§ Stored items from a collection
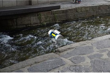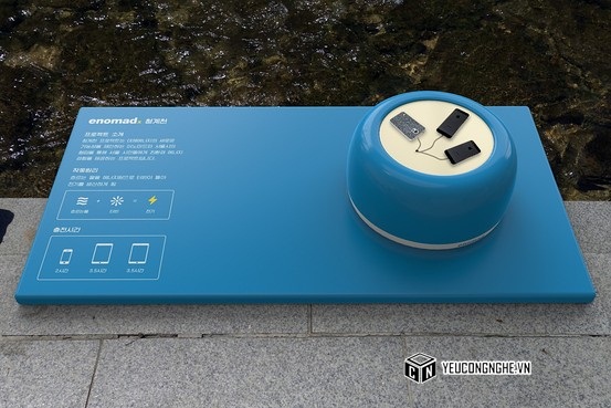 Trạm sạc điện thoại công cộng đặc biệt này sử dụng các tuabin phát điện có khả năng biến đổi năng lượng thủy triều tại một con suối chảy suốt ngày đêm ở Seoul thành điện năng.
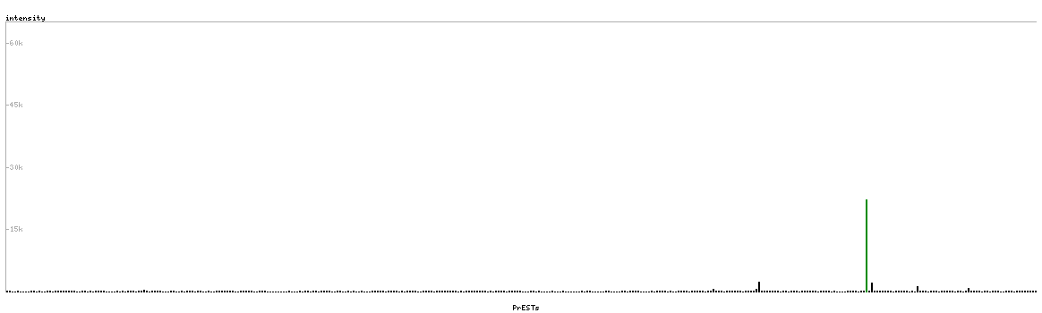 At the top of the view, the position of the antigen (identified by the corresponding HPA identifier) is shown as a green bar. A yellow triangle on the bar indicates a <100% sequence identity to the protein target.
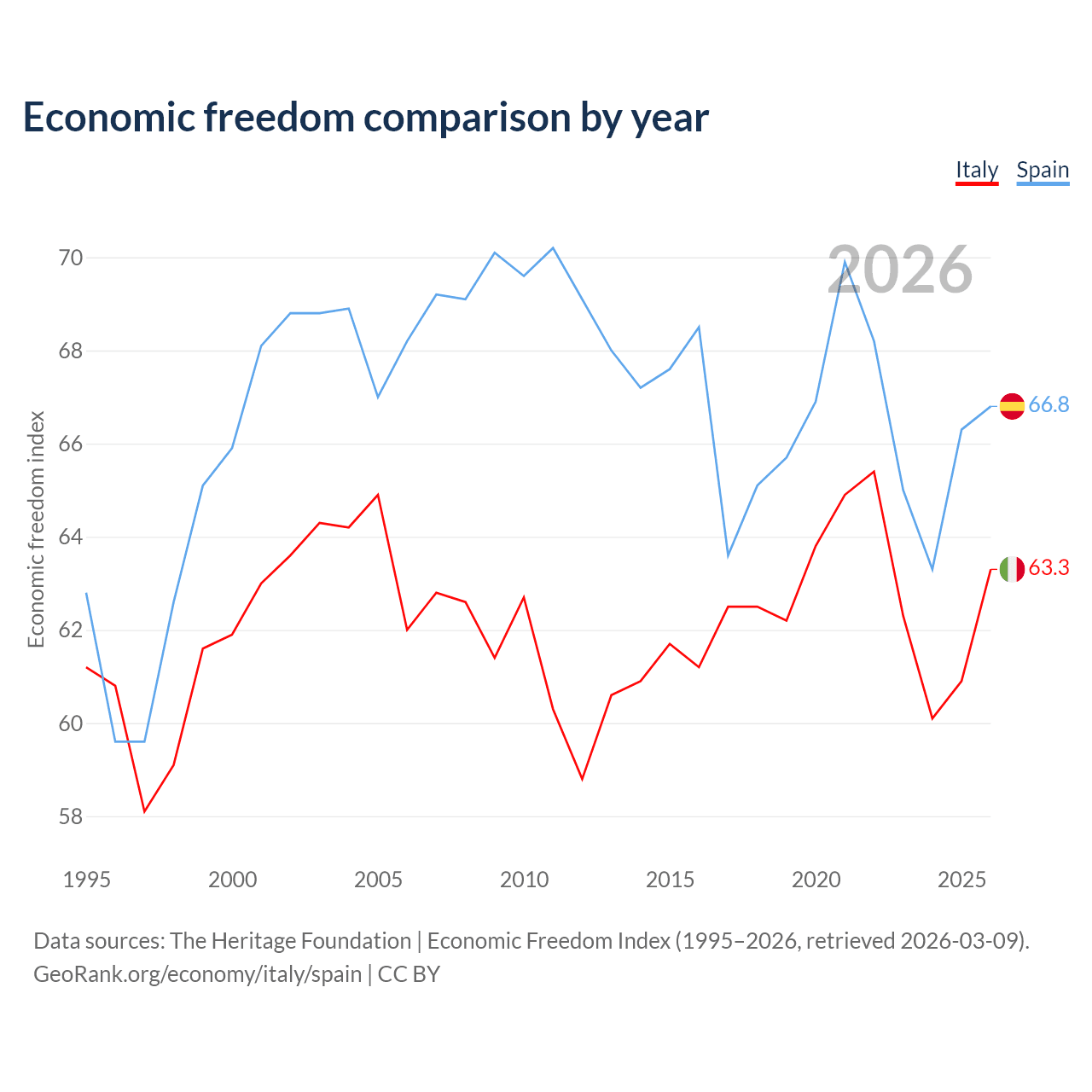 Data sources: The Heritage Foundation | Economic Freedom Index (1995–2026, retrieved 2026-03-09).
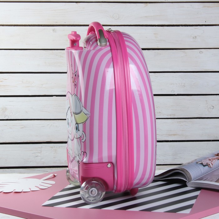 Чемодан детский «Котики», отдел на молнии, 2 колеса, цвет розовый
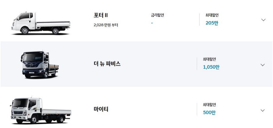 상용차종 : 더 뉴파비스(최대할인 1,050만), 마이티(최대할인 500만)
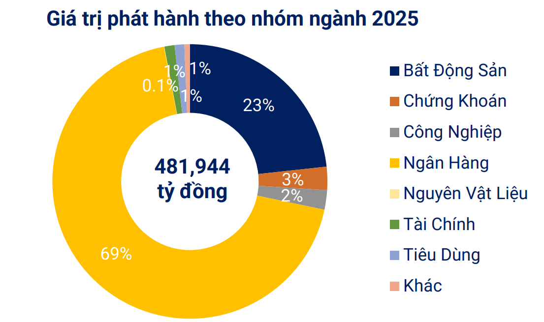 Lũy kế 10 tháng đầu năm, giá trị phát hành riêng lẻ là hơn 431.361 tỷ đồng và phát hành ra công chúng là 50.583 tỷ đồng. Trong đó, nhóm ngân hàng chiếm 69% và nhóm bất động sản chiếm 23%.
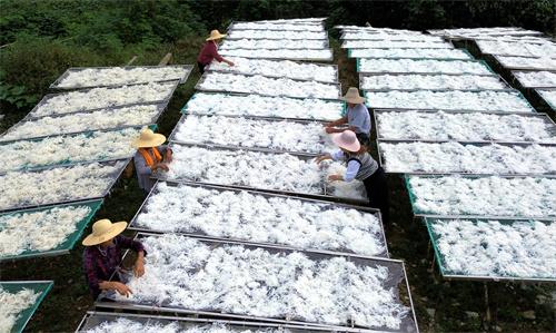 2023年9月28日,安徽省合肥市廬江縣白湖鎮(zhèn)桃沖村馬沖村民組村民馬發(fā)群小作坊的門前一派忙碌,,村民們正在晾曬手工米面。
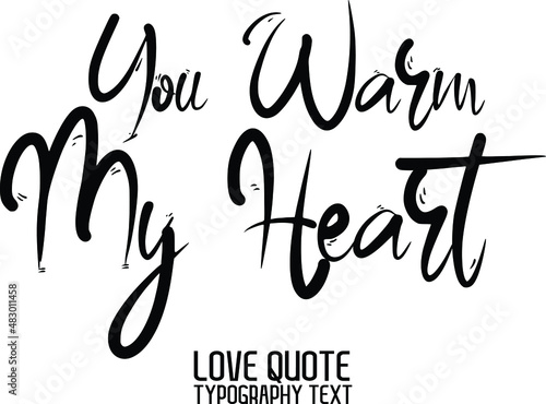 Valentine quote You Warm My Heart in a trendy stylish font calligraphic style
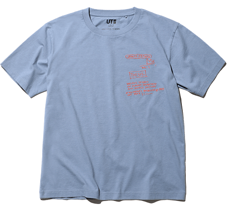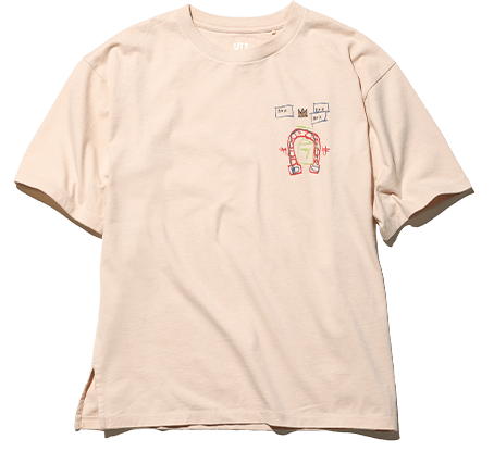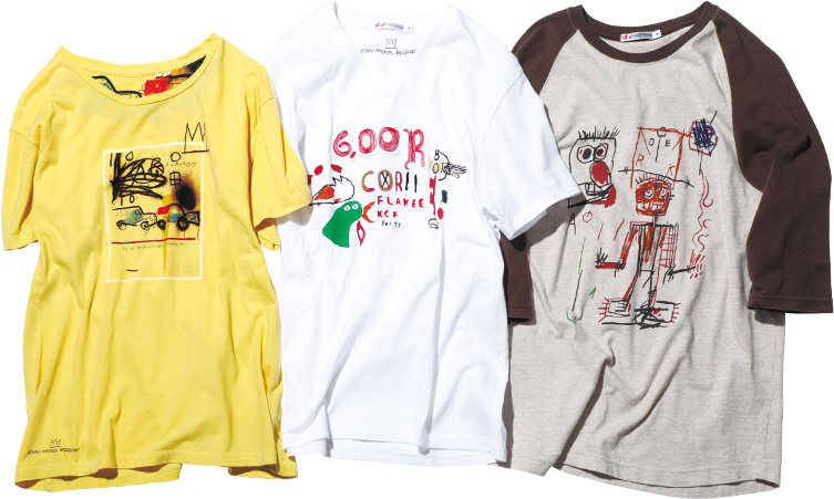 UT has been showcasing the work of Basquiat for many years, but UNIQLO shirts featuring his art appeared as early as 2003, well before UT became a brand in 2007. The three T-shirts pictured above come from the archives of our explorations of the work of Basquiat. An item from 2013 features printing on the inside of the shirt, while a V-neck from 2009 incorporates intricate embroidery, in one of our more technical answers to the question of how T-shirts can be used to showcase art. Meanwhile, the three items from this season on the right page employ simpler designs, focusing on wearability and the question of how to wear art in cool new ways. The cut of these UT shirts has been updated for a better fit. Starting this season, our men's shirts will feature a more relaxed silhouette, while our women's shirts employ a pattern that has roomy, longer sleeves and slightly lowered shoulders, as well as small slits on the sides.
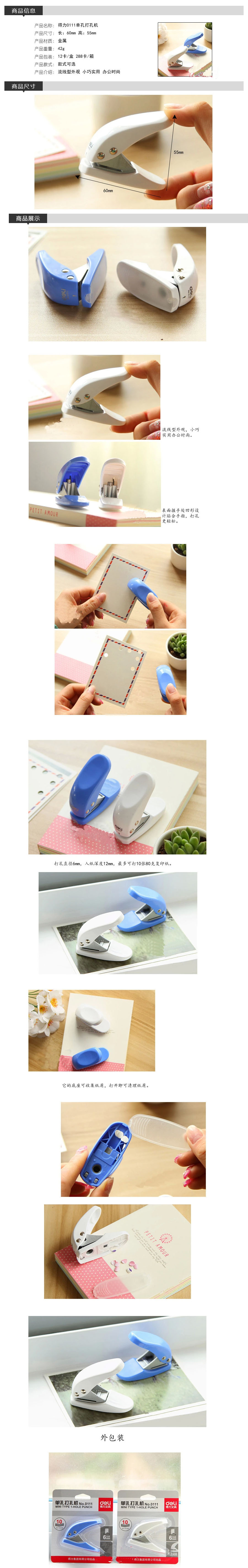 品名:得力(deli) 单孔打孔机 0111 60*23*35mm 10pages/80g
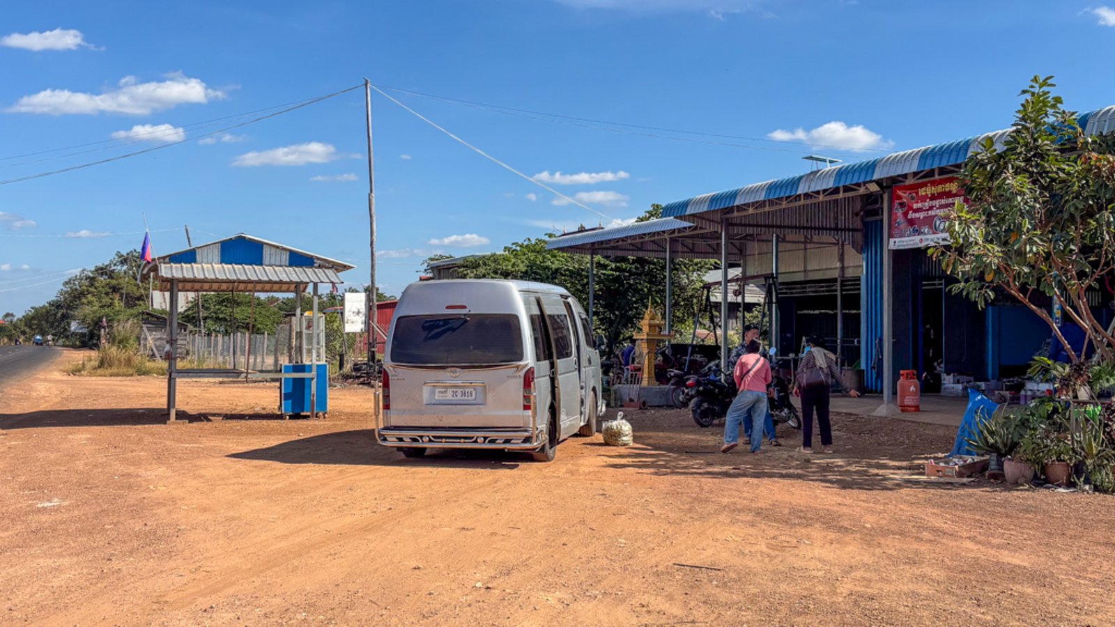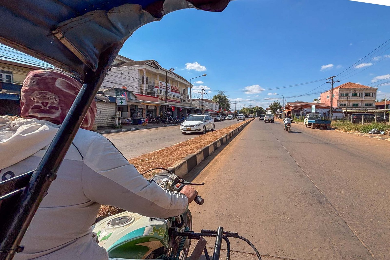 Als der Kleinbus einigermaßen gefüllt ist, übernimmt ein anderer Fahrer und es geht endlich los. Wir verlassen Siem Reap. Die Karre gibt derweil Geräusche von sich, die nicht darauf hindeuten, dass ich mein Ziel in Laos erreichen werde. Um es kurz zu machen, unser Fahrer telefoniert und chattet permanent während der Fahrt – offensichtlich akquiriert er weitere Fahrgäste. Wir fahren über staubige Nebenpisten und holen Menschen von zu Hause ab. Der Bus wird immer voller. Reissäcke, Obstsäcke, Koffer und Kisten werden geladen bis der letzte Stauraum voll ist. Die Fahrt endet an der laotischen Grenze am Nong Nok Khiene Border Checkpoint. Alle aussteigen und bitte mit Gepäck durch die Kontrollen laufen! Auf der anderen Seite stehe ein neuer Bus, heißt es. Ich bekomme irgendeinen Zettel in die Hand gedrückt und marschiere los. Wir müssen bei der Affenhitze den ganzen Grenzstreifen zu Fuß durchqueren, Autos fahren hier nicht. Das komplette Zeremoniell dauert etwa eine Stunde. Ausreise Kambodscha, alles wird mit buchhalterischer Akribie dokumentiert, dann weiterlatschen zur laotischen Seite und dort die gleiche Arie zwecks Einreise: Foto, Visum, Stempel, Datenerfassung – kostet 40 USD in bar und zwei Dollar Bearbeitungsgebühr – auch in bar! Ich bin in Laos! Und irgendwie finde ich in dem Chaos auch meinen Bus, der nach Pakse fährt. Einsteigen!

§ PROMPT
Repeat only what lies between the start of the data and the end of the line containing "品名:得力(deli) 单孔打孔机 0111", exactly, with pictures left out.

§ SOLUTION FOR THIS EXERCISE
 Trạm sạc điện thoại công cộng đặc biệt này sử dụng các tuabin phát điện có khả năng biến đổi năng lượng thủy triều tại một con suối chảy suốt ngày đêm ở Seoul thành điện năng.
 At the top of the view, the position of the antigen (identified by the corresponding HPA identifier) is shown as a green bar. A yellow triangle on the bar indicates a <100% sequence identity to the protein target.
 Data sources: The Heritage Foundation | Economic Freedom Index (1995–2026, retrieved 2026-03-09).
 Чемодан детский «Котики», отдел на молнии, 2 колеса, цвет розовый
 상용차종 : 더 뉴파비스(최대할인 1,050만), 마이티(최대할인 500만)
 Lũy kế 10 tháng đầu năm, giá trị phát hành riêng lẻ là hơn 431.361 tỷ đồng và phát hành ra công chúng là 50.583 tỷ đồng. Trong đó, nhóm ngân hàng chiếm 69% và nhóm bất động sản chiếm 23%.
 2023年9月28日,安徽省合肥市廬江縣白湖鎮(zhèn)桃沖村馬沖村民組村民馬發(fā)群小作坊的門前一派忙碌,,村民們正在晾曬手工米面。
 Valentine quote You Warm My Heart in a trendy stylish font calligraphic style
 UT has been showcasing the work of Basquiat for many years, but UNIQLO shirts featuring his art appeared as early as 2003, well before UT became a brand in 2007. The three T-shirts pictured above come from the archives of our explorations of the work of Basquiat. An item from 2013 features printing on the inside of the shirt, while a V-neck from 2009 incorporates intricate embroidery, in one of our more technical answers to the question of how T-shirts can be used to showcase art. Meanwhile, the three items from this season on the right page employ simpler designs, focusing on wearability and the question of how to wear art in cool new ways. The cut of these UT shirts has been updated for a better fit. Starting this season, our men's shirts will feature a more relaxed silhouette, while our women's shirts employ a pattern that has roomy, longer sleeves and slightly lowered shoulders, as well as small slits on the sides.
 品名:得力(deli) 单孔打孔机 0111 60*23*35mm 10pages/80g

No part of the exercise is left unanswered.